WORK ITEM: Where a picture shows up in the listing below, omit it and output the rest exactly.

DATA SEGMENT:
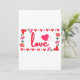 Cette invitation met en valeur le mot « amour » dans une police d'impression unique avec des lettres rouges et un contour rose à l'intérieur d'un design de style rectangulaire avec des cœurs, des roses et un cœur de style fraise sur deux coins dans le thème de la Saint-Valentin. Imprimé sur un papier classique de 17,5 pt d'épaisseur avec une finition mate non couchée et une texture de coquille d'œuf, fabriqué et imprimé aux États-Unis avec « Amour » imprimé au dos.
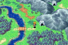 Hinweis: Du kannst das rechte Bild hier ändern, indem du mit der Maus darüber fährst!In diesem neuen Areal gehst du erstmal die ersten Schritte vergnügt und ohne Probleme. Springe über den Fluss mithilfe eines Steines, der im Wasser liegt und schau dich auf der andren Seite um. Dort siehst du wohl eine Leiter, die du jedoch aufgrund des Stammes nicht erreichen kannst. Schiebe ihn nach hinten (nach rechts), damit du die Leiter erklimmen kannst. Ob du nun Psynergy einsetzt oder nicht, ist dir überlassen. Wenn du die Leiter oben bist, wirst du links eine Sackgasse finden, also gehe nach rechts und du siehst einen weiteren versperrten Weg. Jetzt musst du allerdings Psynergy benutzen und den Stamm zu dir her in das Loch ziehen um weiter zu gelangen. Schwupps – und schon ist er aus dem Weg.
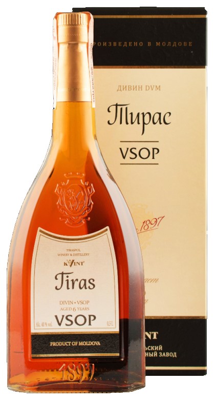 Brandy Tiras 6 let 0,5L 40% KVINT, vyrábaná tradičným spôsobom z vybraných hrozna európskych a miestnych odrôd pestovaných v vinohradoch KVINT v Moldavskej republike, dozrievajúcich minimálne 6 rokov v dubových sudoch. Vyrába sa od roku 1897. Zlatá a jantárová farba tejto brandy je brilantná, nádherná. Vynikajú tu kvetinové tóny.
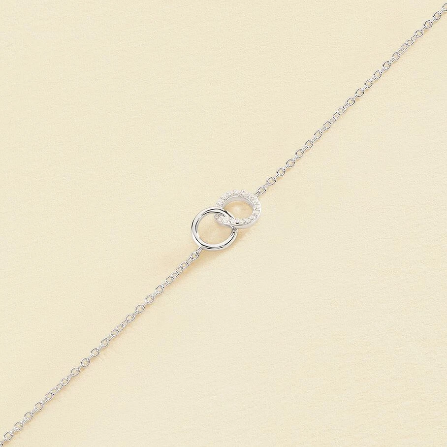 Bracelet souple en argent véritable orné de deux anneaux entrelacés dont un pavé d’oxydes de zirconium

WRITTEN ANSWER:
 Cette invitation met en valeur le mot « amour » dans une police d'impression unique avec des lettres rouges et un contour rose à l'intérieur d'un design de style rectangulaire avec des cœurs, des roses et un cœur de style fraise sur deux coins dans le thème de la Saint-Valentin. Imprimé sur un papier classique de 17,5 pt d'épaisseur avec une finition mate non couchée et une texture de coquille d'œuf, fabriqué et imprimé aux États-Unis avec « Amour » imprimé au dos.
 Hinweis: Du kannst das rechte Bild hier ändern, indem du mit der Maus darüber fährst!In diesem neuen Areal gehst du erstmal die ersten Schritte vergnügt und ohne Probleme. Springe über den Fluss mithilfe eines Steines, der im Wasser liegt und schau dich auf der andren Seite um. Dort siehst du wohl eine Leiter, die du jedoch aufgrund des Stammes nicht erreichen kannst. Schiebe ihn nach hinten (nach rechts), damit du die Leiter erklimmen kannst. Ob du nun Psynergy einsetzt oder nicht, ist dir überlassen. Wenn du die Leiter oben bist, wirst du links eine Sackgasse finden, also gehe nach rechts und du siehst einen weiteren versperrten Weg. Jetzt musst du allerdings Psynergy benutzen und den Stamm zu dir her in das Loch ziehen um weiter zu gelangen. Schwupps – und schon ist er aus dem Weg.
 Brandy Tiras 6 let 0,5L 40% KVINT, vyrábaná tradičným spôsobom z vybraných hrozna európskych a miestnych odrôd pestovaných v vinohradoch KVINT v Moldavskej republike, dozrievajúcich minimálne 6 rokov v dubových sudoch. Vyrába sa od roku 1897. Zlatá a jantárová farba tejto brandy je brilantná, nádherná. Vynikajú tu kvetinové tóny.
 Bracelet souple en argent véritable orné de deux anneaux entrelacés dont un pavé d’oxydes de zirconium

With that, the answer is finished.